Olympics and History of the Modern Games St. Louis 1904 Part 2
About the Olympics and the modern games, account of the games in St. Louis, United States in 1904
ST. LOUIS, MO., U.S., 1904
Remembering Robert Garrett's unstylish victory of 1896, the Greeks had 2 discus events--freestyle and Greek style--but Werner Jarvinen won the latter, the 1st of many Finnish victories over the years. Greek tradesmen again offered lifetime services for a native-born marathon winner, but Canadian William Sherring, only 115 lbs., won the race.
Austrian weightlifter Josef Steinbach was accused of being a professional and was so jeered when going against the Greek champion that he left the arena. While the Greek was being honored as 2-hand winner, Steinbach came back and, with exaggerated ease, raised the weight, barely lifted by the Greek, over his head 3 times. The next day, he won the one-hand lifting competition before a subdued audience.
The question of amateur v. professional athletes has plagued Olympic committees, athletes, and sports enthusiasts since the games' ancient origins. De Coubertin insisted, and was supported by others on the original committee, that the Olympics be free of professionalism and commercialism. Rules require competitors to sign a statement that they have never been paid for playing or coaching sports, and do not intend to become professionals. Avery Brundage, longtime U.S. Olympic official, espoused strict amateurism in the face of criticism that the costs of constant training, necessary to win at the Olympics, means that athletes must find some kind of subsidy--whether state-paid token jobs, as in the Soviet Union, or athletic scholarships, as in the U.S. By the spirit, if not by the law, very few Olympic competitors could technically qualify as amateurs since there are time limits on the amount of training, and limitations on gifts.

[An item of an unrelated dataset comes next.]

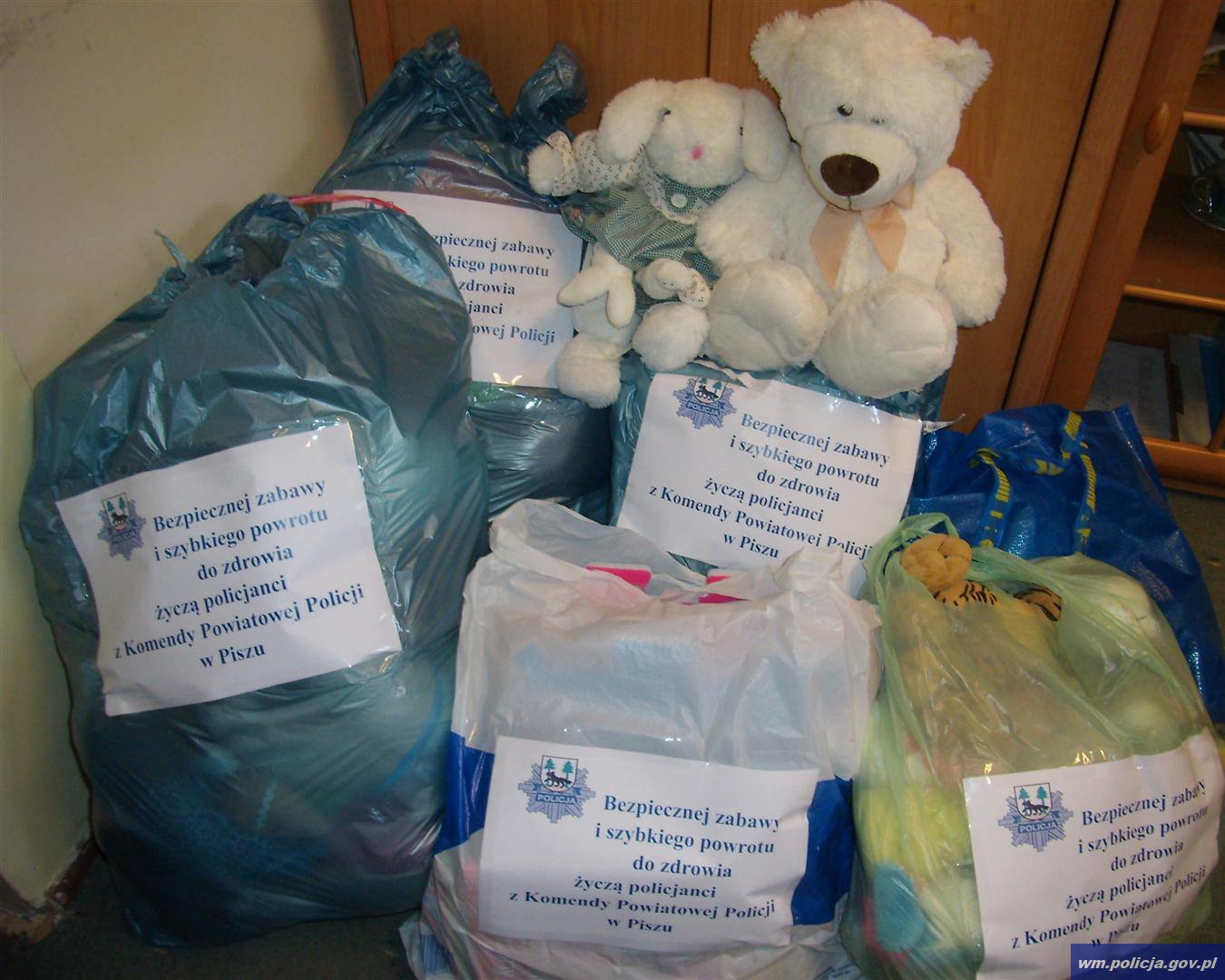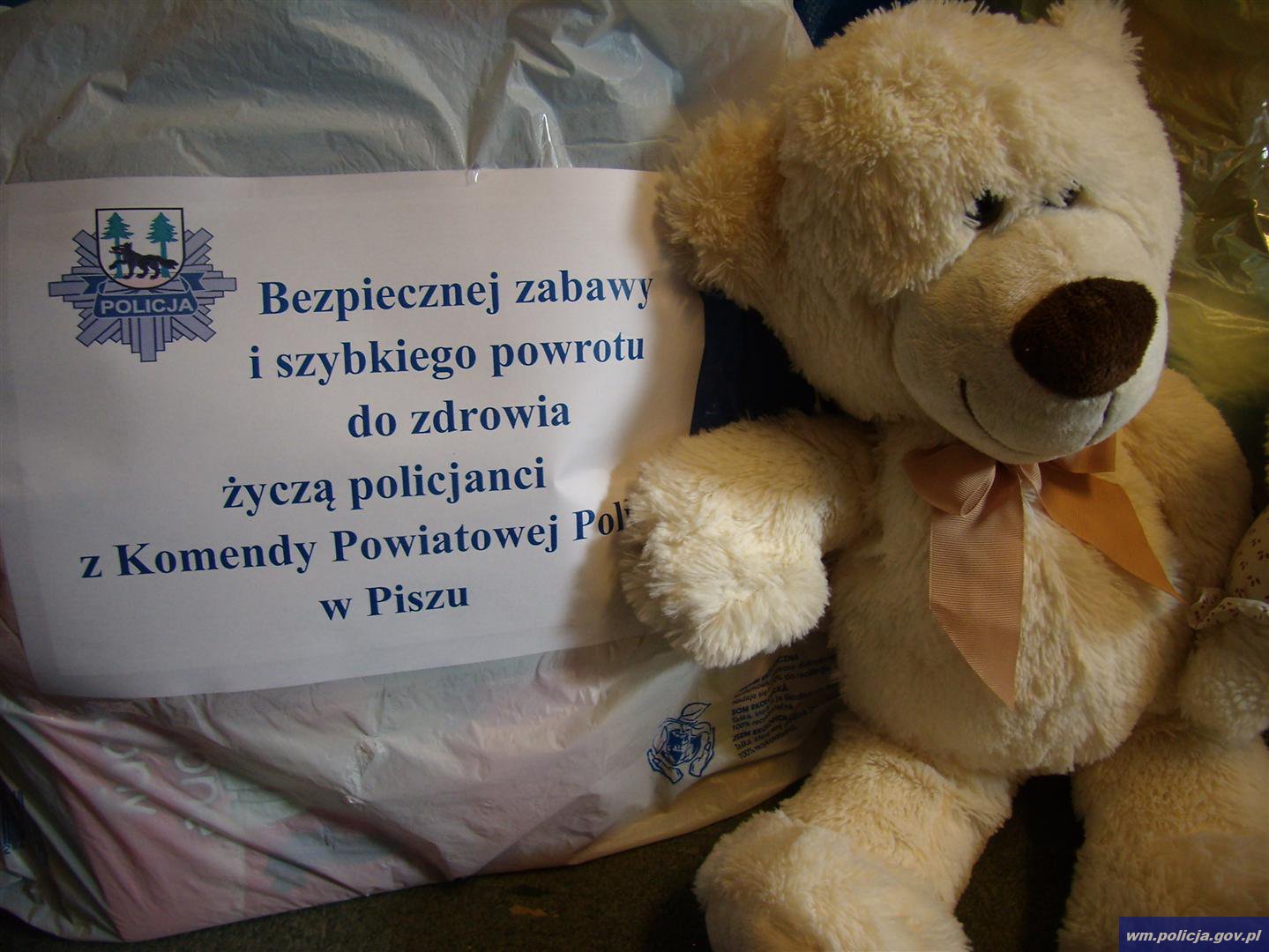 Wszystkie te prezenty zawieźli dzieciom. Wśród przedstawicieli, którzy odwiedzili chore maluchy był Komendant Powiatowy Policji w Piszu - mł. insp. Radosław Drach, dzielnicowy - st. asp. Piotr Jabłoński oraz oficer prasowy - podkom. Anna Szypczyńska.

Another philosophical issue is team scoring and its inherent nationalism. The IOC has always tried to keep nationalism to a minimum in favor of individual achievement. Team scoring is unofficial, not sanctioned by the IOC. But teams, spectators, and the press (and sometimes even officials) encourage nationalism. Major powers have often used the success of their Olympic athletes as fuel for their rivalries.